Task statement
Nothing but an exact copy is asked for: the lines in the material below from the one with "Intrepid 475 SY cabin" through the one with "Planimetria generale dell'intervento, deliberato", pictures excluded.

_ _ _ _ _

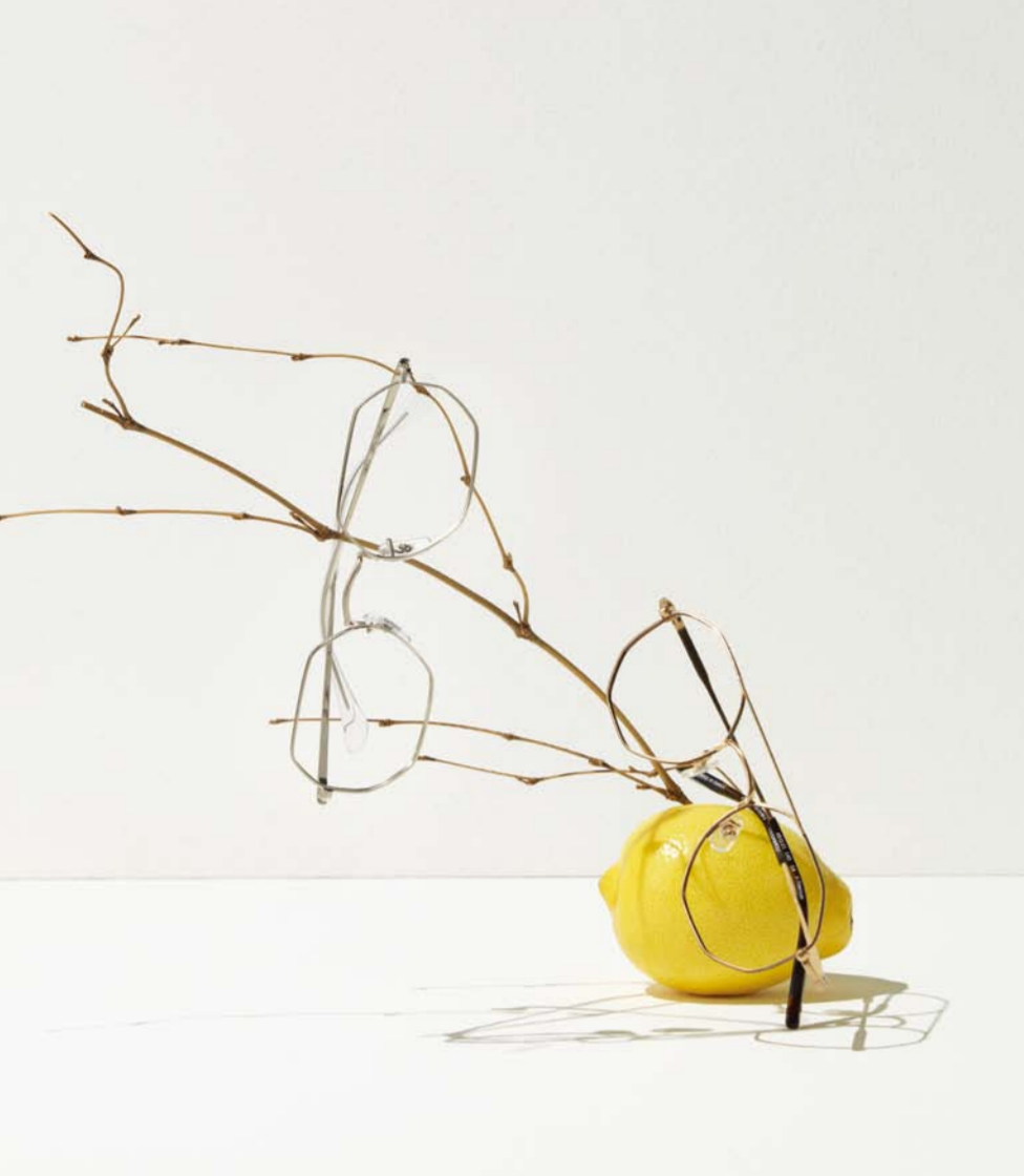
(왼쪽부터) 다각형 메탈 안경테 40만7천원 빅터 앤 폴프 by 시몬 아이베어 , 문의 02-565-6940 골드 컬러 다각형 메탈 안경테 20만원대 레이벤 by 루스티카 , 문의 02-501-4436
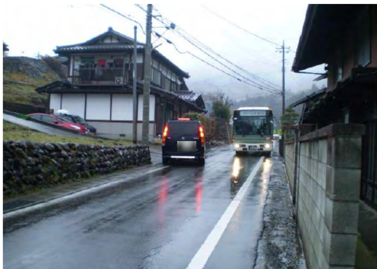
① 下瀬戸集落内 (幅員狭小・バスのすれ違い困難)
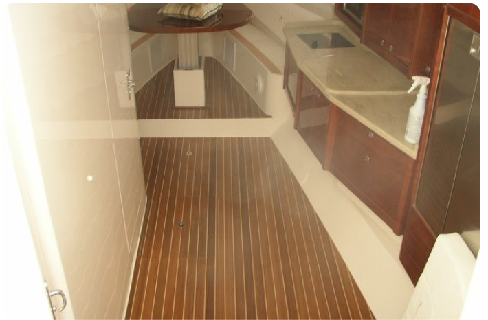
Intrepid 475 SY cabin
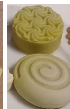
Ylang Ylang Seife
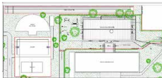
Planimetria generale dell'intervento, deliberato nella giunta dell' 11 luglio 2016.

20 anni. Tale indicazione venne deliberata il 13 di ottobre 2016 da parte della giunta comunale. Il 7 luglio 2017, tramite una lettera al Dirigente dell'area Patrimonio della Città Metropolitana si richiede la dismissione anticipata del locale per poter già iniziare i lavori di adeguamento sopra elencati, in attesa della deliberazione da parte della città metropolitana. L'ultimo passaggio di questo lungo iter che ha visto il comune di Orbassano principale attore dell'operazione è stata l'approvazione venerdì 10 novembre 2017 in Consiglio metropolitano della delibera che ufficializza la concessione in diritto d'uso ventennale a favore del comune di Orbassano dell'immobile. Si conclude così la prima parte burocratico-amministrativa, che seguirà ora con la gara per la realizzazione delle opere non appena verrà firmata la Convenzione con la Città Metropolitana. L'augurio è certamente quello di poter espletare le operazioni di gara e la fase di cantiere nel più breve tempo possibile, per poter venire incontro alle richieste che ogni anno arrivano, e poter così accontentare altri 51 bambini e le loro famiglie.
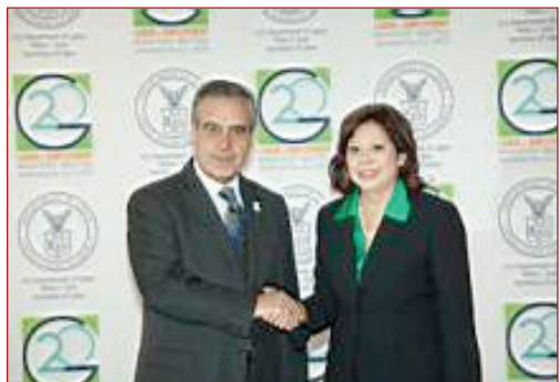
Foto: Celestino Corbacho e Hilda Solís, secretaria de Trabajo de EE. UU.

Los ministros de Trabajo de los países del G-20, entre ellos el español D. Celestino Corbacho , se reunieron del 19 al 21 de abril en Washington para consensuar una serie de recomendaciones para ser tratadas en la cumbre del G-20 de finales de junio en Toronto. Las recomendaciones son: acelerar la creación de empleo y asegurar una recuperación sostenible y el futuro crecimiento; reforzar los sistemas de protección social y promover políticas activas de mercado de trabajo inclusivas; situar la calidad del empleo y la paliación de la pobreza en el centro de las estrategias económicas nacionales y globales; mejorar la calidad del empleo para nuestros ciudadanos, y preparar a la población activa para los futuros retos y oportunidades. Estas recomendaciones fueron adelantadas por los ministros al presidente Obama.
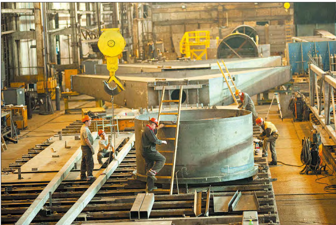
В цехе металлоконструкций кипит работа

С августа 2005 года основным акционером ПАО «Запорожжкран» стала финская транснациональная
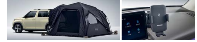
오토듀얼휠레스 레글러 차량용 핸드폰 무선 충전 거치대(흡착형)
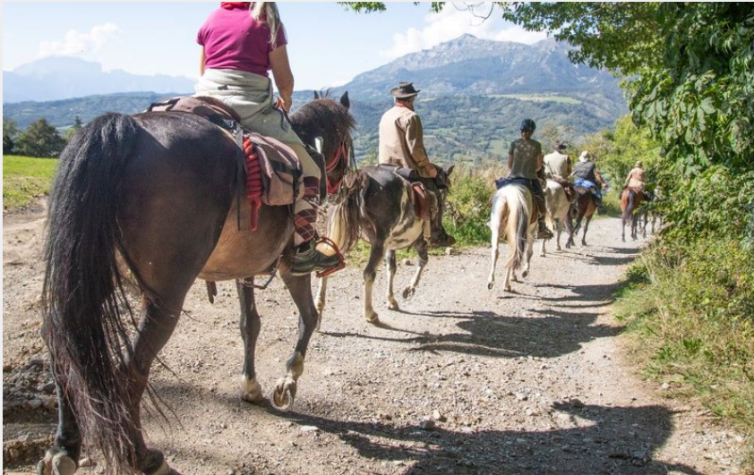
A St Léger Les Mélèzes
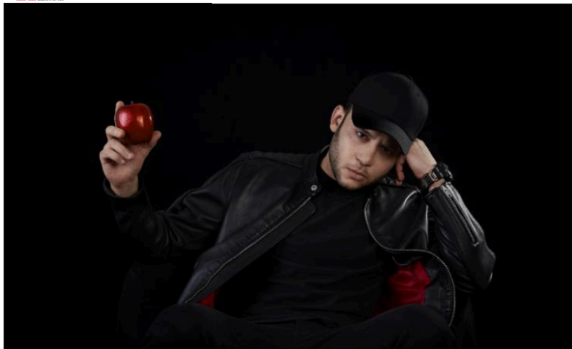
Sanremo: Racore, La Rappresentate di Lista e Canova per gli showcase di Radio2

06-02 23:10 PRESCRIZIONE: BOTTA E RISPOSTA MORANI-NOBILI, DEM 'USCITE DA MAG
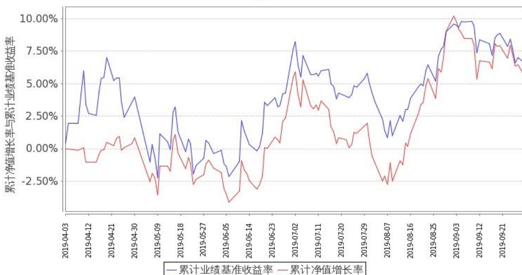
图 2：嘉实消费精选股票 C 基金份额累计净值增长率与同期业绩比较基准收益率的历史走势对比图
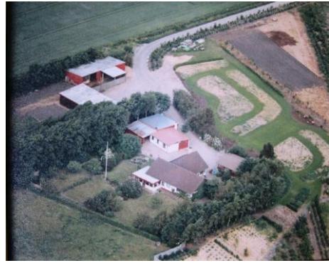
Fonagervej nr. 4. 1998

Hele matriklen nr. 19a ejes omkring år 1800 af Gørdinglund og var på ca.10 ha. men bliver senere opdelt i 5 parceller, hvoraf 19e er en af dem. Se Matrikelkortet tv. som går fra 1800 til 1860
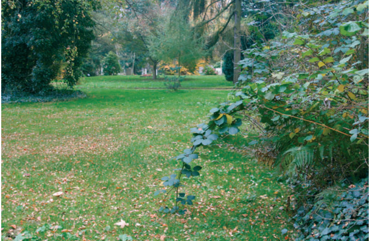
Aufgelassenes Grabfeld auf dem Kasseler Hauptfriedhof

rung, die sich in der Friedhofs-, Bestattungs- und Grabstättenwahl widerspiegelt, ausgerichtet. In einem weiteren bis Frühjahr 2009 laufenden Untersuchungsschritt werden die aktuellen Strategien der Friedhofsverwaltungen im Umgang mit Friedhofsüberhangflächen untersucht, da auch das Bestattungsangebot Einfluss auf die Nachfrage nimmt.
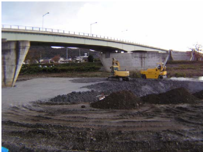
▲泉地区工事用道路その他工事の様子
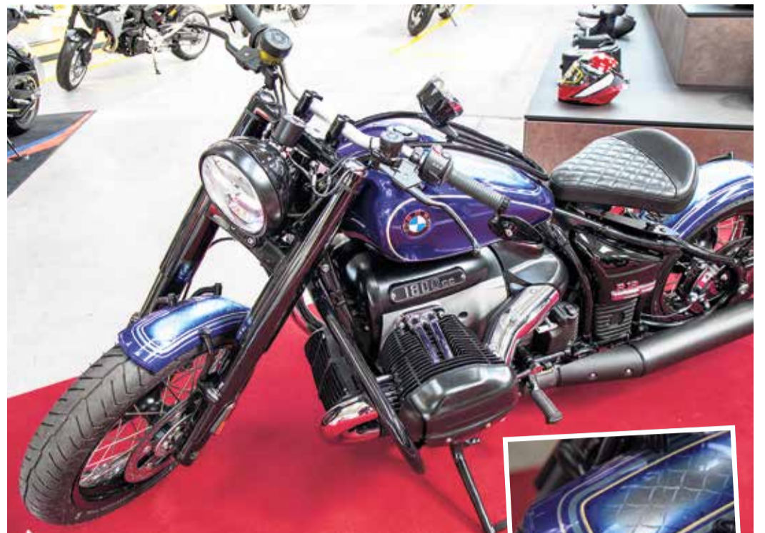
Das Vorführmodell ist sehr speziell. Blau mit dem Motiv des Gerippten

Eine Kaffee- und Getränkebar lädt immer zu einem kurzen Besuchsstopp ein. Gemütliche Ledersofas bieten Komfort für die Kunden, die auf die Werkstattleistung warten können. In der ehemaligen Maschinenhalle sind auch die Artikel der Sicherheitsabteilung jederzeit im Zugriff. Das reicht vom Helm über die Lederkombi bis zur Jeans mit versteckten Sicherheitskomponenten. Zubehör, das das Motorrad noch flotter – optisch wie PS bezogen – macht, gibt es hier auch.
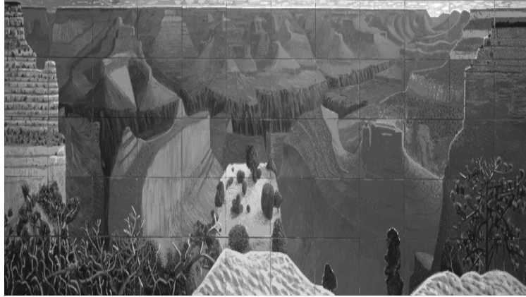
Resim 8. David Hockney, A Closer Grand Canyon , 1998, 60 adet tuval üzeri yağlıboya, 206x740 cm.

Hockney bu çalışmalarında; bütün bir kompozisyonun makro kadrageyi, farklı açı, uzaklık ve farklı ışık zamanlarında, 35 mm. Polaroid fotoğraf makinesi ile fotoğraflamış ve bu fotoğrafları birleştirerek, bütün kompozisyonu, bozuma uğratılmış olarak tekrar elde etmiştir. Sanatçı, 63 fotoğraftan oluşan bu fotomontaj çalışmasıyla perspektif ve boşluk kavramlarını yeniden tanımlamayı amaç edinmiş gibi görünmektedir. Hockney'in bu tavrının, perspektif ve boşluk problemlerini anlamlandırmaya çalışan, klasik Kübist sanatçıların resim tavırlarıyla örtüştüğünü söylemek mümkündür.

_ _ _ _ _

Answer area
Intrepid 475 SY cabin
Ylang Ylang Seife
Planimetria generale dell'intervento, deliberato nella giunta dell' 11 luglio 2016.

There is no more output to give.